Upon first glance one might think that Valentyn Vasyanovych's Atlantis is a bleak film, full of death, desolate landscapes and silence. But in the post screening Q and A, Vasyanovych calls himself an optimist, and it's easy to see why: set a little more than five years in the future, the film depicts a post apocalyptic landscape, the aftermath of the Ukrainian-Russian war. But at least in this movie the war has ended; as things are going now, that possibility feels like decades away. Within this deliberate, at times elusive arthouse film there is hope, even love.
When Sergiy (Andriy Rimaruk, himself a real life veteran of the war) loses his job at a local factory, he drifts until by chance he comes across a volunteer group that seeks to retrieve the bodies of fallen Ukrainian soldiers and give them a proper burial. Vasyanovych is the fan of the long take, letting us absorb the vast emptiness of these vistas, single human forms across expansive landscapes. Each frame is like a painting, meticulously crafted, often cold and distant. In one scene, a forensic examination of the dead is carried in detail, the proof of their humanity existing only in bits and pieces, descriptions of a uniform or belt buckle, warmth that has gone cold.

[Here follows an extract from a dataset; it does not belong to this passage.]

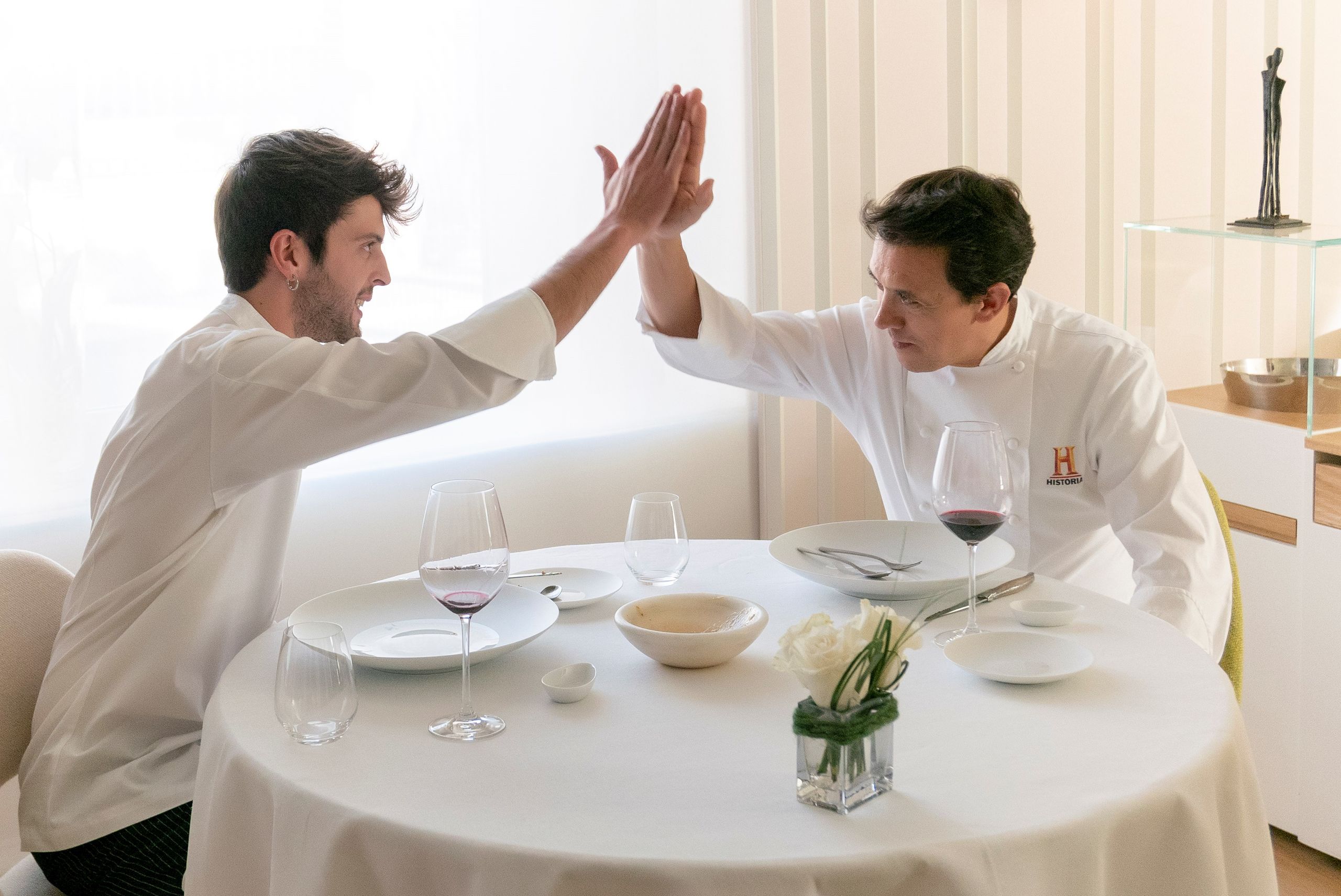 Francis Paniego choca la mano con Pol Contreras, cocinero y pastelero que ha creado su propia línea de chocolates artesanos y al mismo tiempo es el responsable de la parte dulce de Echaurren.

But Vasyanovych balances this out with finding warmth in impossible places, making the opening and closing scenes bookends - showing that even in such hopeless situations, people are hardwired to find love in the chaos, bringing warmth to a cold and dead land.
Based on a play by Yuko Kuwabara, Hitoyo (One Night) begins with a shocking murder. A female taxi driver (Yuko Tanaka, perhaps best known in Japan for her role in Oshin) runs over a man who turns out to be her husband. But as it turns out, she did it partly in desperation and partly for her children: her husband is a violent, raging alcoholic who regularly beats his children. She goes to prison for this, promising to return one day. And when she does, her children turn out quite different than expected.
A solid family drama about the roles of parent and child, as well as ideas of guilt and social perception, Hitoyo is a treat to watch. Held up by its excellent ensemble cast, it doesn't let up and twists and turns deliriously until the very end. The film changes its point of view from the mother to the children, especially the middle child, Yuji (Takeru Satoh) and focuses on the aftermath of that one event: while an aspiring novelist, Yuji struggles to make a living, left to write pieces for dirty magazines. His siblings also have similar broken dreams. But how much is that on them vs on their mother?
Director Kazuya Shiraishi keeps the proceedings close and personal, and it manages to work. Although some plot points are left resolved by the end, the film's open-endedness ends on a hopeful note. It doesn't exactly stem from complete understanding - that will come in time. But there's something about parents and children and their capacity for forgiveness and love, even in difficult circumstances.